The events to consider atom and clause GC are detected by the normal threads. If one thinks it is about time a bit of code is executed that creates the GC thread if it doesn’t exist yet or sends it a wakeup. The GC thread executes the atom and clause garbage collections. It might be better to wait with creating this thread until we get into a situation where it is really worthwhile. As is, the normal startup sequence is already enough to create this thread while, for example, your countdown does not produce any garbage atoms or clauses. Proper tuning of all these processes is an interesting challenge …

2 Likes

But doesn’t this still need to have a memory barrier if there’s a possibility of another thread changing the value? (That is, a memory barrier at every “call” to another predicate)

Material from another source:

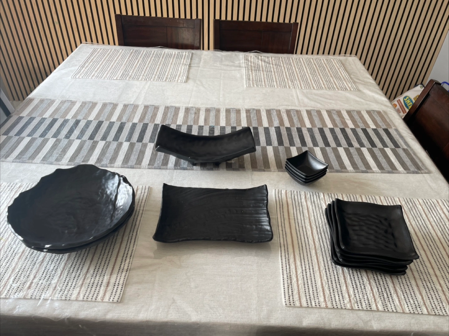 Selling a set of black serving dishes. They're in great shape and would be perfect for any occasion! Full set is $25, you can’t buy singular items.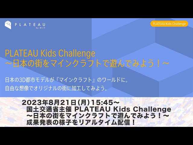 PLATEAU Kids Challenge(プラトー キッズ チャレンジ)~日本の街をマインクラフトで遊んでみよう!~ 成果発表リアルタイム配信(2023年8月21日)

Also, I’m wondering if there’s something in time/1 that causes memory barriers or atomic operations?

Anyway, the GC paper appears to be this, so I have some reading ahead of me: https://www.researchgate.net/publication/279463524_Garbage_Collection_for_Prolog_Based_on_WAM_Revised_version
As this was written in 1986, am I correct in assuming that it runs in the same thread but it’s so fast that the stop for garbage collection isn’t noticeable?

No. Having the old one is normally safe, possibly less efficient.

time/1 should not be involved in this. It just fetches CPU and wall time before and after the call. Why?

I would not claim that. Yes, for most programs GC time is small. There are exceptions though. The profiler tells you about the impact of normal stack GC. Roughly backtracking code as your countdown does little GC. Good functional code does, but it is typically quite efficient. Only forward progress leaving choicepoints behind is the most common scenario for problems.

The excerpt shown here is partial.